The needed output is the run of lines below from the one containing "Скатертина з колекції" through the one containing "ラフジュ工房> 骨董・美術品 >", copied exactly and free of pictures.

## Information supplied:
■ ■ ■ ■ ■

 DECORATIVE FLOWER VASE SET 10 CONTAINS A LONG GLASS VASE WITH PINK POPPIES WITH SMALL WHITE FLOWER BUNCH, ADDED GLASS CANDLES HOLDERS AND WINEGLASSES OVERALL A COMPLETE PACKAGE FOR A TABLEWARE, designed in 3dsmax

■ ■ ■ ■ ■

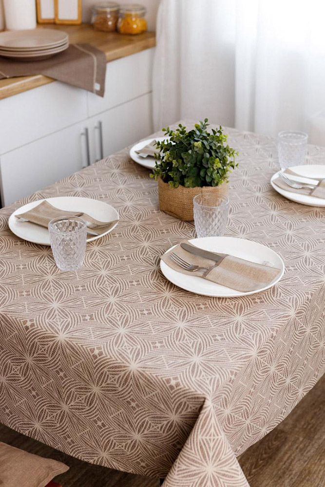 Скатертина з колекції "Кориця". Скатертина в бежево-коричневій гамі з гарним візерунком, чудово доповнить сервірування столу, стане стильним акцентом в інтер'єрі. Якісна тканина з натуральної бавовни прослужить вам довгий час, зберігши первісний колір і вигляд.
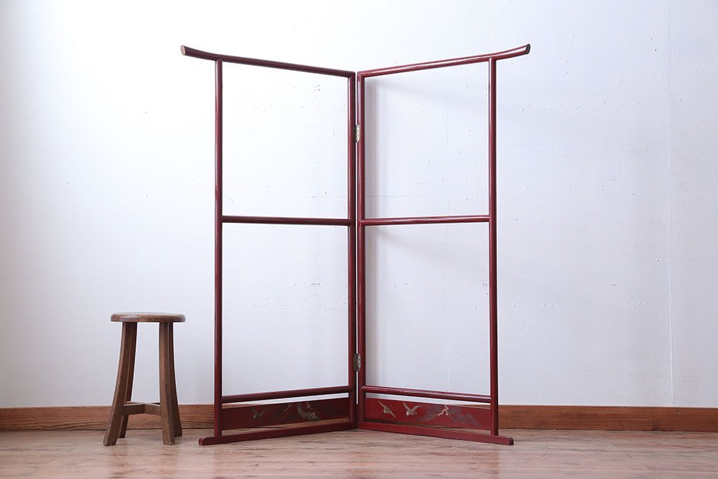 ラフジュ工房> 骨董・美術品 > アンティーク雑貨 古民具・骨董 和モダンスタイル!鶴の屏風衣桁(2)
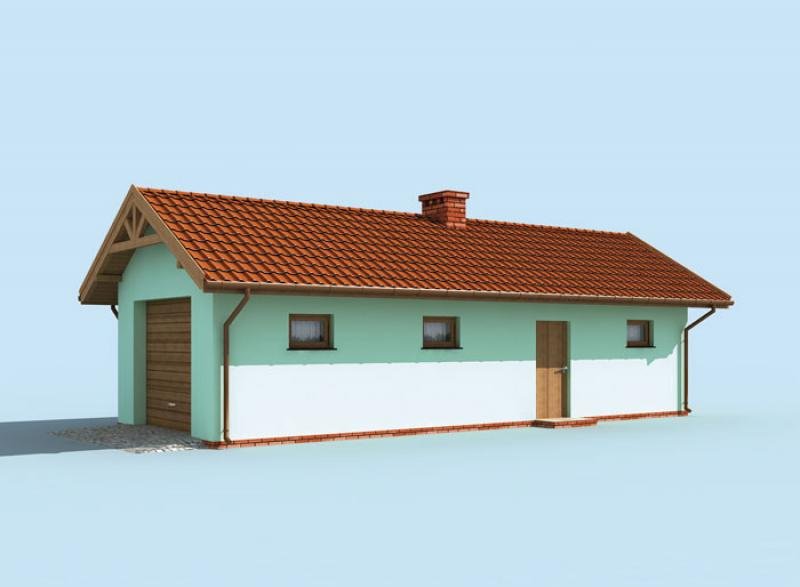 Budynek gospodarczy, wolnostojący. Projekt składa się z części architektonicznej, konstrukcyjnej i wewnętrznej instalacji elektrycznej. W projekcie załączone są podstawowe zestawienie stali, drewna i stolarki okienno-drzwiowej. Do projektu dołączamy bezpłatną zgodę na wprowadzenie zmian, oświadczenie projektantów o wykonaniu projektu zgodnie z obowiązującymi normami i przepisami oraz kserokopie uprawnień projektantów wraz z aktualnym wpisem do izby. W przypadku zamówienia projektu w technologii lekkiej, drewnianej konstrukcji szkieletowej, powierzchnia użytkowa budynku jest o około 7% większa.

■ ■ ■ ■ ■

## Reply:
 Скатертина з колекції "Кориця". Скатертина в бежево-коричневій гамі з гарним візерунком, чудово доповнить сервірування столу, стане стильним акцентом в інтер'єрі. Якісна тканина з натуральної бавовни прослужить вам довгий час, зберігши первісний колір і вигляд.
 ラフジュ工房> 骨董・美術品 > アンティーク雑貨 古民具・骨董 和モダンスタイル!鶴の屏風衣桁(2)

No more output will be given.